← All notes

Building AI Agents That Actually Work

Most AI agents fail in production. Here's the framework I use to design agents that are reliable, predictable, and genuinely useful.

There’s a gap between an AI agent that impresses in a demo and one that ships to production. I’ve built both. The difference usually comes down to a few foundational decisions made early in the design process.

Start with the failure modes

Before writing a single line of code, I map out how the agent can break. Not the happy path — that’s easy.
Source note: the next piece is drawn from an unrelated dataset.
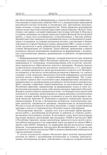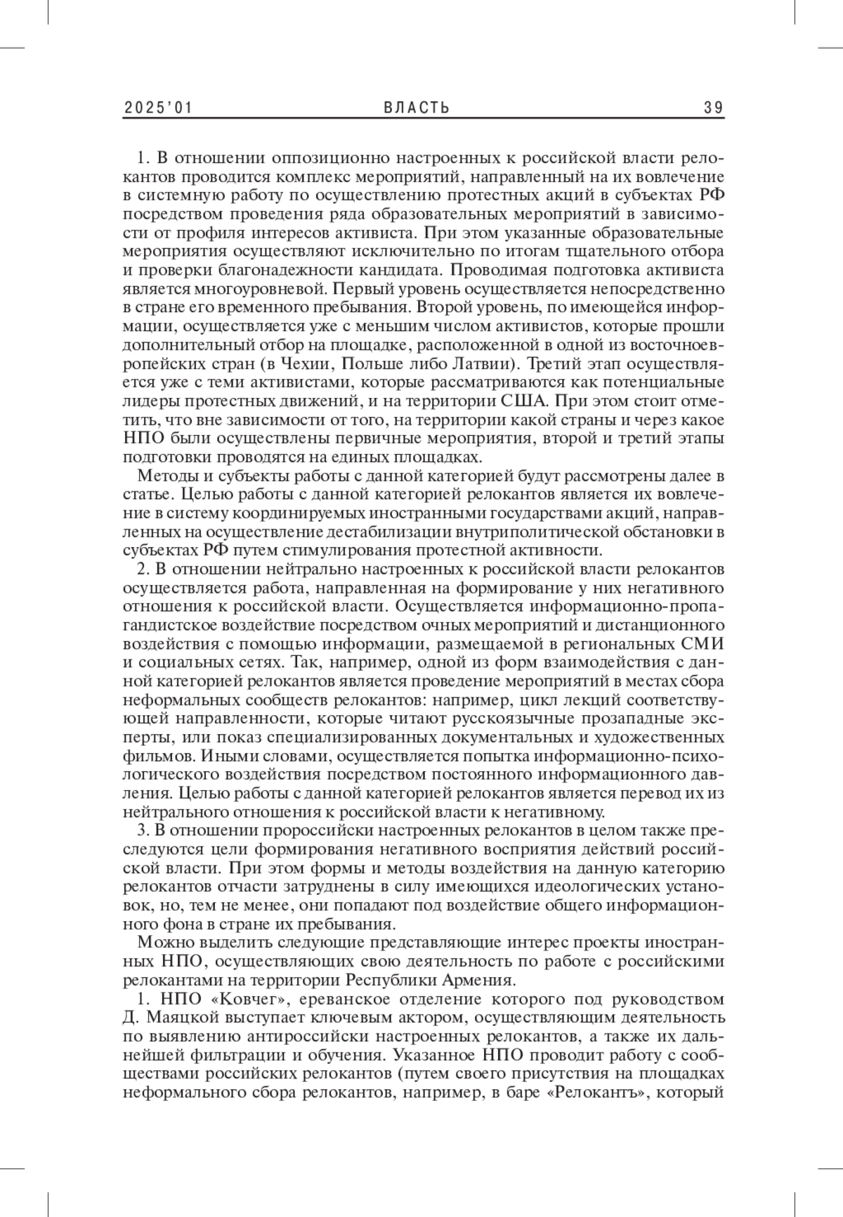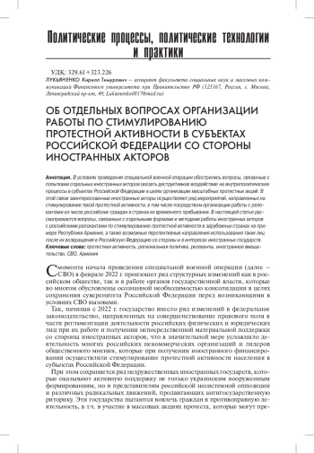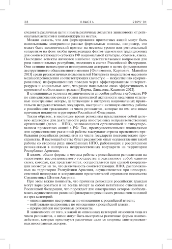 В условиях проведения специальной военной операции обострились вопросы, связанные с попытками отдельных иностранных акторов оказать деструктивное воздействие на внутриполитические процессы в субъектах Российской Федерации в целях организации масштабных протестных акций. В этой связи заинтересованные иностранные акторы осуществляют ряд мероприятий, направленных на стимулирование такой протестной активности, в том числе посредством организации работы с релокантами из числа российских граждан в странах их временного пребывания. В настоящей статье рассматриваются вопросы, связанные с отдельными формами и методами работы иностранных акторов с российскими релокантами по стимулированию протестной активности в зарубежных странах на примере Республики Армения, а также возможные перспективные направления использования таких лиц после их возвращения в Российскую Федерацию со стороны и в интересах иностранных государств.

The interesting questions are:

  • What happens when the LLM returns a malformed response?
  • What happens when the tool call fails or times out?
  • What happens when the user’s intent is genuinely ambiguous?

An agent that handles failure gracefully is one you can actually trust. Build the error handling first, then build the capability.

Give the agent a narrow scope

The best agents I’ve built do one thing very well. The worst ones try to be general-purpose assistants.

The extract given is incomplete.